What you will do – Return only the lines from the top of the data down to the one that holds "wo. 11-01-2023 |", both included, without any pictures.

-- Opening Marker --

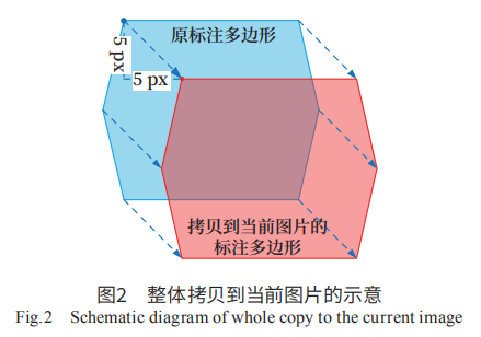 针对第一个功能点“对整个标注多边形进行拷贝”,本系统提供两种拷贝方式,即“整体拷贝到当前图片”和“整体拷贝到下一张图片”,两种拷贝方式通过右键菜单以菜单选项显示,供标注人员选择。拷贝到当前图片的标注多边形与原标注图形原本在同一位置,会重叠在一起,无法区分选择,所以设计复制的标注图形向右下偏移 5 像素,方便标注人员区分与选择,如图 2 所示。拷贝到下一张图片的标注多边形在位置和大小上与原标注多边形保持一致。
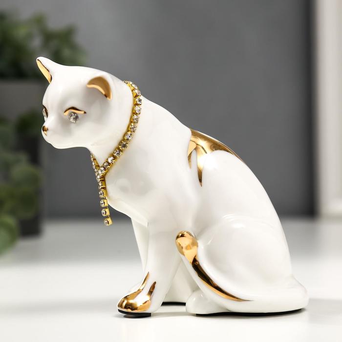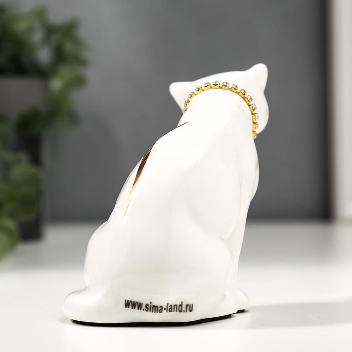 Фигурка керамика «Белая кошечка с ожерельем», с золотом, стразы, 10.2 см
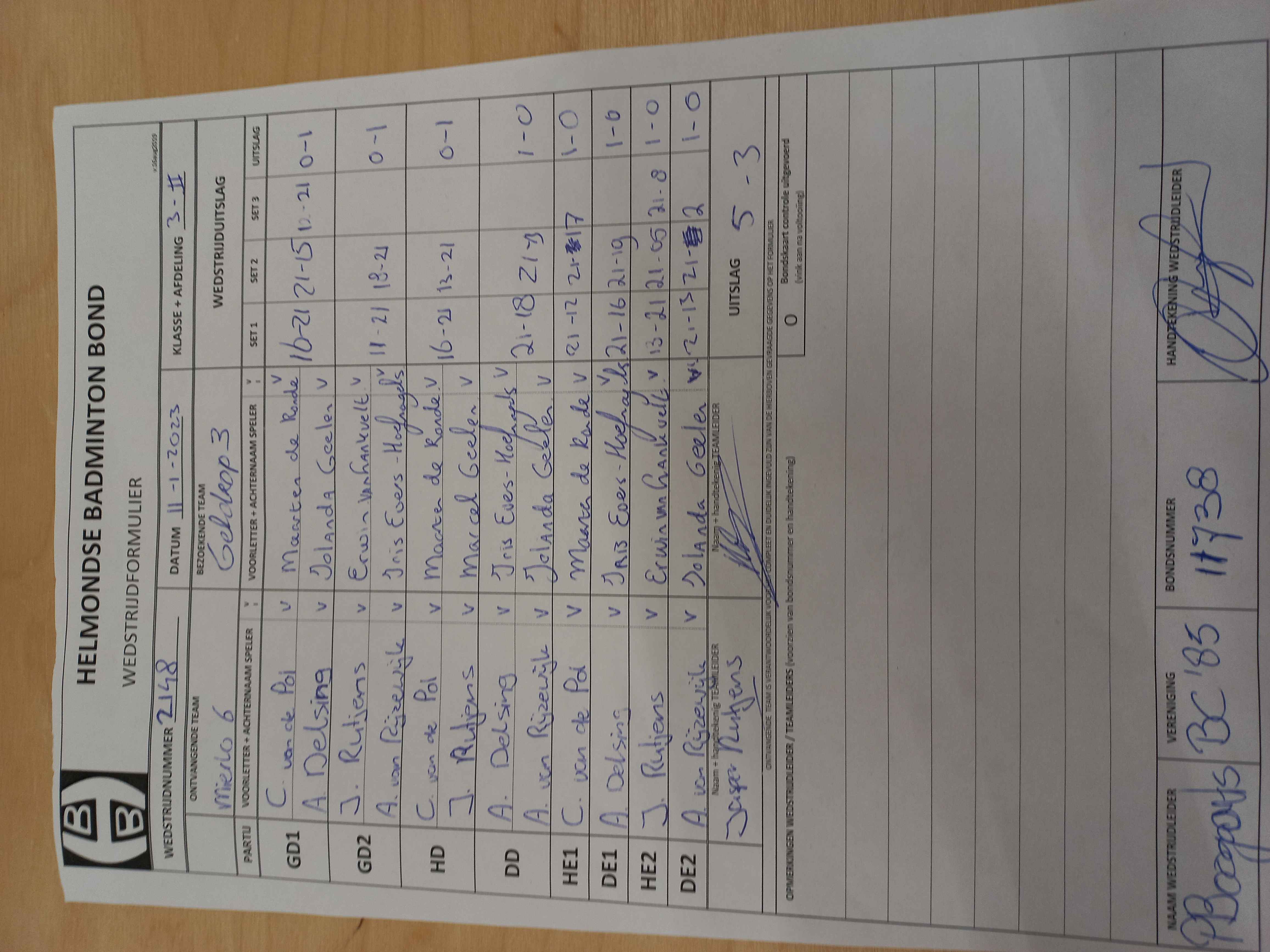 | 2148 | wo. 11-01-2023 | Mierlo 6 | - | Geldrop 3 | 3 | 5 - 3 | |||
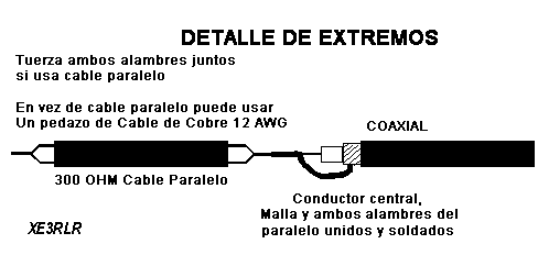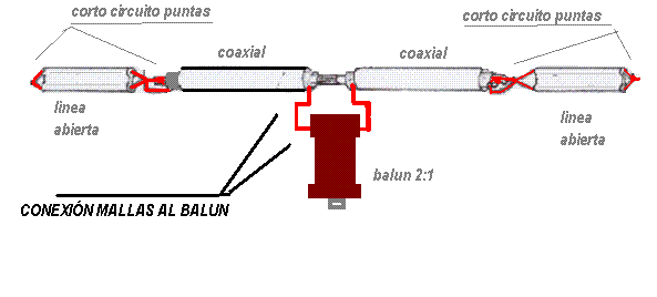 En la construcción de la antena, se utilizarán 14.03 metros de cable coaxial y dos apendices en los extremos, Y un balun 2 :1 , para transformar la impedancia de 100 ohms a 50 ohms.
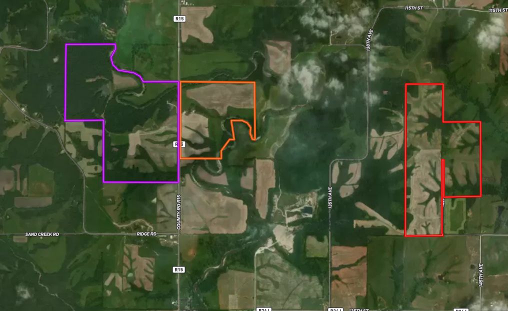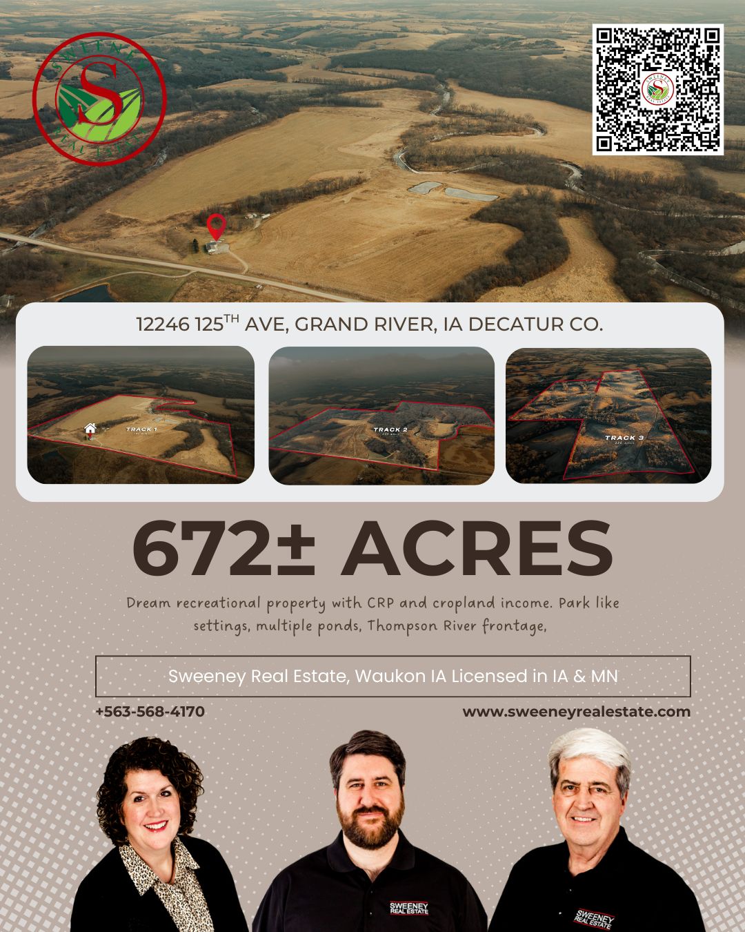 We are happy to present a rare opportunity to acquire a highly diversified farmland and recreational property in southern Iowa. Encompassing approximately 672± acres across three tracts, this offering combines productive cropland, income-generating CRP acres, timber, water features, and outstanding wildlife habitat. The tracts are offered in combination, while entertaining other options providing flexibility for owner-operators, investors, and recreational buyers seeking both immediate income and long-term appreciation. Well known for its quality hunting and outdoor recreation, the property supports strong populations of whitetail deer, turkey, upland birds, and other wildlife. Multiple ponds provide fishing opportunities, while the Thompson River winds through portions of the farm, offering additional fishing access as well as canoeing and kayaking potential. The diverse topography, timbered draws, and established cover create ideal wildlife corridors and enhance the overall recreational experience. Tract 1 – Section 16 (East of County Road R15 / 125th Ave) 131.29± Acres |34.72± CRP Acres. Tract 2 – Section 17 (West of County Road R15 / 125th Ave) 303.98± Acres | 98± CRP Acres. Tract 3 – Section 14 (East Tract)230± Acres | 88.76± CRP Acres. Located approx. 3.5 miles east of Tracts 1 & 2 Accessed via dead-end 145th Avenue. Buyer to verify all information and assume all CRP contracts. Call Sweeney Real Estate today for more information!
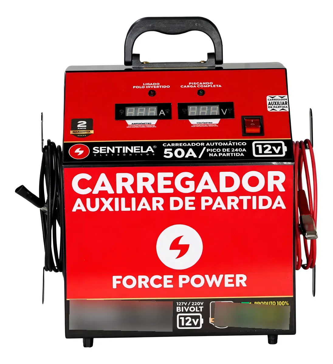 Os carregadores de bateria Sentinela são o diferencial na linha de carregador automotivo, adaptável a todo tipo de bateria e com flutuação com indicação por led, é a melhor escolha quando você precisa de um produto resistente e de fácil utilização. Aqui estão 10 benefícios que só os carregadores Sentinela oferecem: - Para uso doméstico ou profissional (carros, caminhões, tratores, ceifadeiras, torres de internet, etc) 1- Gabinete de aço carbono resistente 2- Proteção contra inversão de polaridade 3- Flutuação com indicação por led 4- Display digital com led alto brilho 5- Garante maior vida útil para as baterias 6- Adaptável a qualquer tipo de bateria 7- Não exige aterramento 8- Proteção ativa contra curto circuitos 9- Ventilação otimizada 10- Suporte técnico para todo o país Acompanhe o vídeo no anúncio para ver os benefícios do carregador Informações Técnicas: O que é carregador com Auxiliar de Partida? Se o seu veículo estiver sem carga e você necessitar dar partida, conecte o carregador e espere 5 minutos, após isso, você poderá dar partida normalmente, sem precisar esperar completar a carga. Alimentação: Luz / Bivolt 127/220V Corrente: 50A Tempo de carga: 6h a 24h Com amp. e voltímetro digital Recomendado à bateria de 55Ah a 200Ah Tipo carrinho pequeno com alça Dimensões: 30 x 27 x 19 cm Peso: 10,100gr
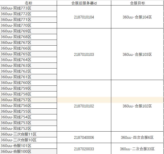为了让大家有一个更为广阔的战斗和交流的舞台,我们决定对以下服务器进行合服操作,更为激烈的战斗将等待着您!

-- Closing Marker --

Solution to this problem –
 针对第一个功能点“对整个标注多边形进行拷贝”,本系统提供两种拷贝方式,即“整体拷贝到当前图片”和“整体拷贝到下一张图片”,两种拷贝方式通过右键菜单以菜单选项显示,供标注人员选择。拷贝到当前图片的标注多边形与原标注图形原本在同一位置,会重叠在一起,无法区分选择,所以设计复制的标注图形向右下偏移 5 像素,方便标注人员区分与选择,如图 2 所示。拷贝到下一张图片的标注多边形在位置和大小上与原标注多边形保持一致。
 Фигурка керамика «Белая кошечка с ожерельем», с золотом, стразы, 10.2 см
 | 2148 | wo. 11-01-2023 | Mierlo 6 | - | Geldrop 3 | 3 | 5 - 3 | |||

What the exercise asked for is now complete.